I interrupt Lindsey Graham here, because such half-truths demand responses, even though, for the most part, none were forthcoming from his Senate colleagues last fall (although I think that Dianne Feinstein, Mark Udall of Colorado, and a few others, including Durbin, deserve credit for at least saying enough to prompt the self-indictment that Graham and Levin, et al, produced through their own words in lengthy public responses to the mild resistance that they did face); so here’s at least one brief retort, published by Eugene Fidell (Professor of Military Law at Yale Law School) on June 13, 2009:
Many Americans have heard of the military commission that convened in 1942 to try eight German saboteurs. But few are aware that a major reason the case was tried by commission rather than in the federal courts was that federal law at the time did not prescribe harsh enough penalties for what they had attempted to do. That is obviously not so today, thanks to the Patriot Act and other [domestic criminal-law] legislation passed since World War II.
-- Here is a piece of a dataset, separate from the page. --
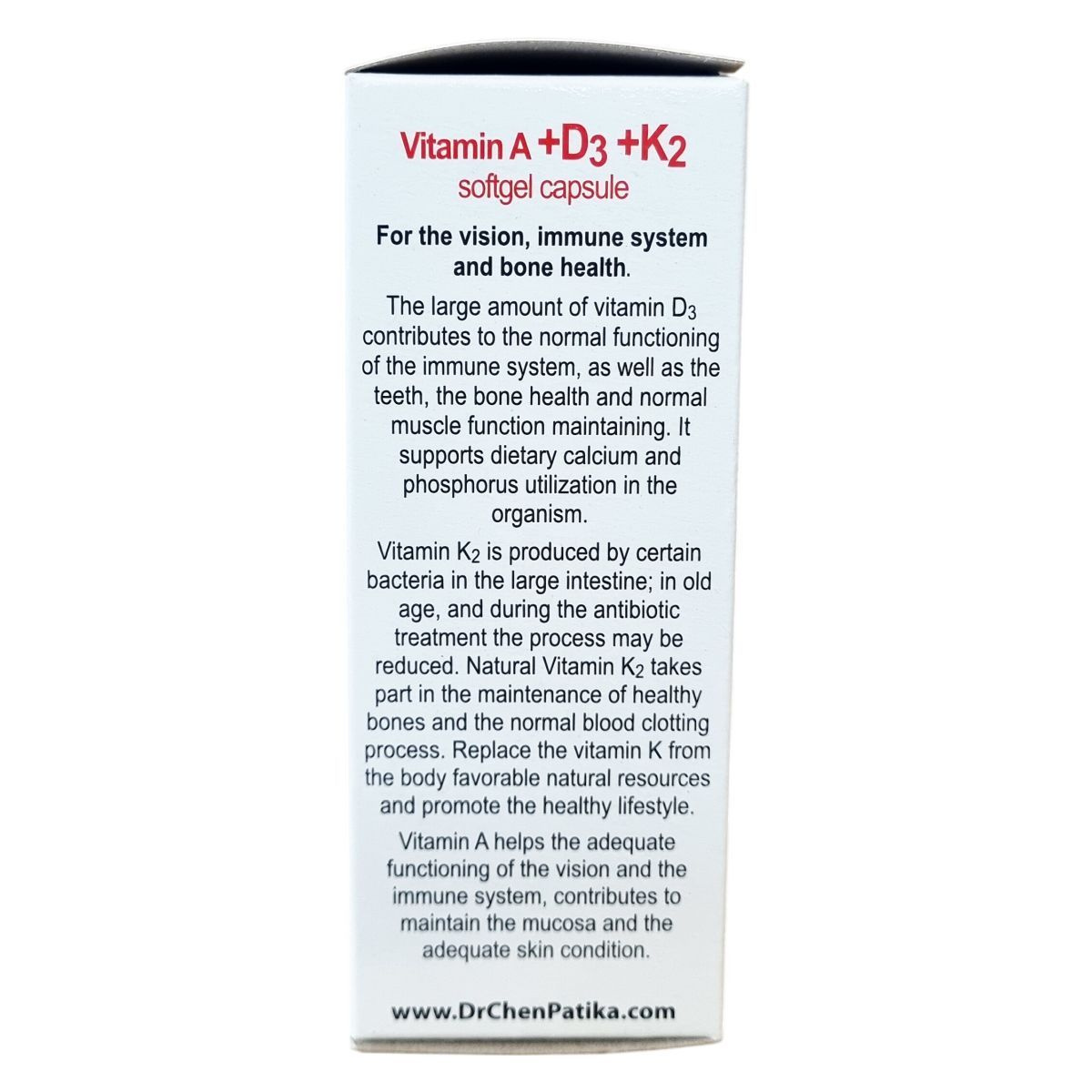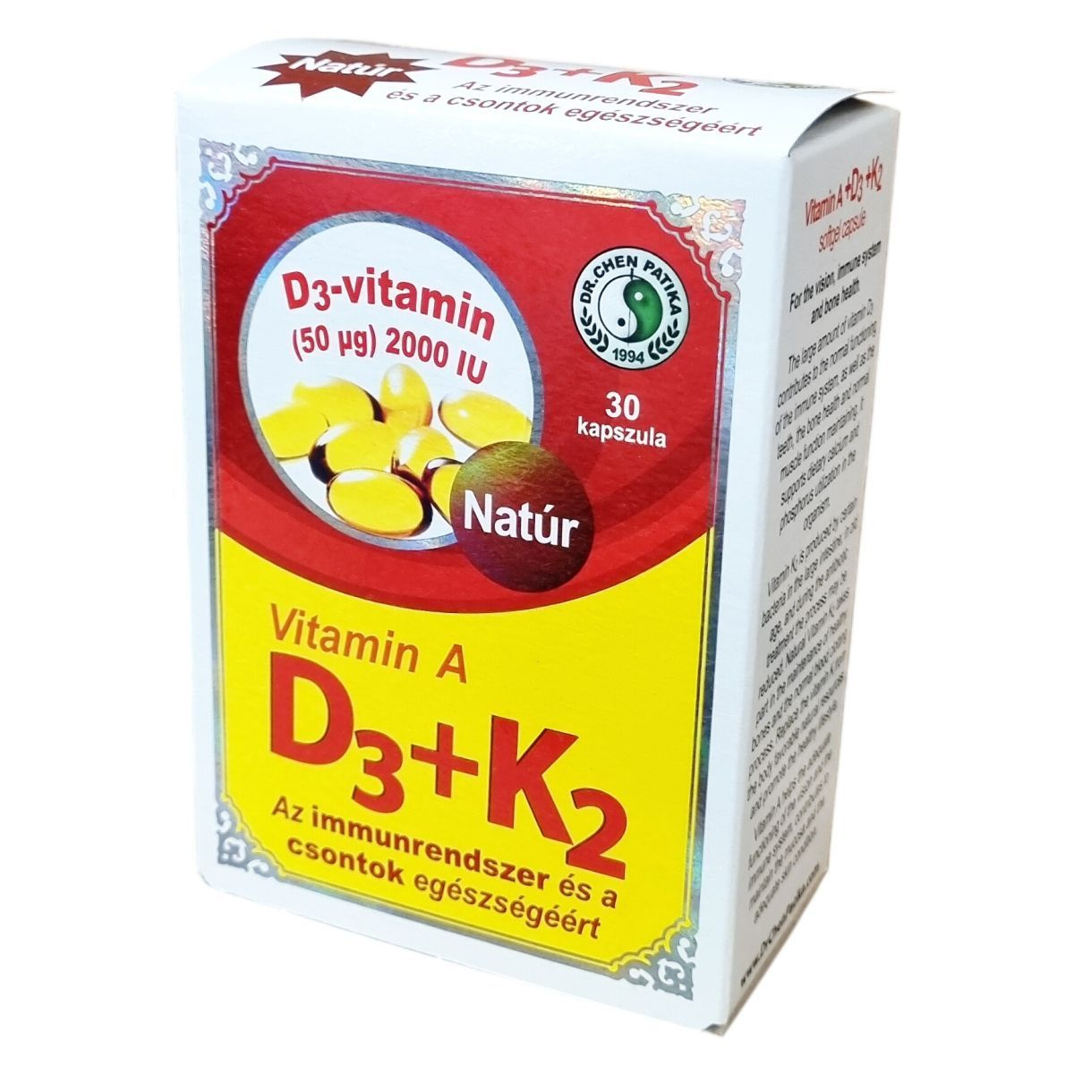 A nagy mennyiségű D3-vitamin az immunrendszer megfelelő működéséhez, valamint a fogazat, a csontrendszer egészségéhez és a normál izomfunkciók fenntartásához járul hozzá. Támogatja a táplálékkal bevitt kalcium és a foszfor hasznosulását a szervezetben. A K2-vitamin termelése a vastagbélben lévő egyes baktériumok által történik; időskorban, illetve antibiotikus kezelés hatására a folyamat csökkenhet. A természetes K2-vitamin részt vesz az egészséges csontrendszer fenntartásában, valamint a normál véralvadási folyamatban. Pótolja a K-vitamint a szervezet számára kedvező természetes forrásból, és támogassa az egészséges életmódot. Az A-vitamin segíti a látás és az immunrendszer normál működését, hozzájárul a nyálkahártya és a bőr megfelelő állapotának fenntartásához.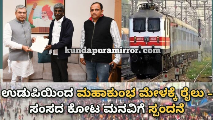 ದೇಶಾದ್ಯಂತ ಎಲ್ಲಾ ನಗರಗಳಿಂದಲೂ ವಿಶೇಷ ರೈಲುಗಳು ಓಡುತ್ತಿರುವ ಹಿನ್ನೆಲೆಯಲ್ಲಿ ಭಾರತೀಯ ರೈಲ್ವೆಯ ಕುಂಭ ಮೇಳ ಸೇವೆಗಳು ಉಡುಪಿ ಜಿಲ್ಲೆಯ ಅಸಂಖ್ಯಾತ ಭಕ್ತರಿಗೂ ಲಭಿಸ ಬೇಕು ಎನ್ನುವ ಕಾರಣದಿಂದ ಸಂಸದರು ವಿಶೇಷ ಪ್ರಯತ್ನ ನಡೆಸಿದ್ದು, ದೇಶಾದ್ಯಂತ ರೈಲು ಬೋಗಿಗಳ ಕೊರತೆಯ ಕಾರಣಗಳನ್ನು ಇಲಾಖೆ ನೀಡುತಿದ್ದರೂ ,ಸಾಮಾನ್ಯ ಜನರಿಗೂ ಕೈಗೆಟುಕಲಿ ಎಂಬ ದ್ರಷ್ಟಿಯಿಂದ, ಜನರಲ್ ಮತ್ತು ಎಸಿ ಕೋಚ್ ಇರುವ ರೈಲಿನ ವ್ವವಸ್ತೆಗೆ ಸಂಸದರು ಮನವಿ ಇಟ್ಟಿದ್ದು , ಈ ಬಗ್ಗೆ ಶೀಘ್ರ ಪ್ರಕಟಣೆ ಹೊರ ಬರುವ ನಿರೀಕ್ಷೆ ಇದೆ.

In its review of the saboteurs’ case, Ex parte Quirin, the Supreme Court did sustain the military commission’s jurisdiction — but, in a discomfiting move, did not even release its legal reasoning until months after six of the Germans had been electrocuted. Though the ruling was unanimous, Justice Felix Frankfurter declared that Quirin was “not a happy precedent.”
Back to Mr. Graham, who’s steeped in the arrogance of power, and working hard with his doubletalk to create loopholes that will enable the Executive, and pampered public officeholders like himself, to continue to escape the constraints of domestic and international law:
Hamdi said that an American citizen–a noncitizen has a habeas right under law of war detention because this is a war without end. The holding of that case was not that you cannot hold an American citizen, it is that you have a habeas right to go to a Federal judge and the Federal judge will determine whether the military has made a proper case. It has nothing to do with an enemy combatant being held as an American citizen [sic]. What this amendment would do is it would bar the United States in the future from holding an American citizen who decides to associate with al-Qaida.
In World War II it was perfectly proper to hold an American citizen as an enemy combatant who helped the Nazis. But we believe, somehow, in 2011, that is no longer fair.
Is the homeland the battlefield? You better believe it is the battlefield.
It is not unfair to make an American citizen account for the fact [a "fact" that will be somehow magically ascertained, apparently, in the absence of due process, before some uncertainly-enforced (if enforced at all) legal niceties will be applied as convenient cover after the fact... - pow wow] that they decided to help al-Qaida to kill us all and hold them as long as it takes to find intelligence [evidently ten years, or more... - pow wow] about what may be coming next. And when they say “I want my lawyer,” you tell them “Shut up. You don’t get a lawyer.”
The PRESIDING OFFICER. The Senator’s time has expired.
Mr. GRAHAM. “You are an enemy combatant [and don't ask us how we know that, we just do (it's called the "presumption of regularity" by the D.C. Circuit...) - pow wow], and we are going to talk to you about why you joined al-Qaida.”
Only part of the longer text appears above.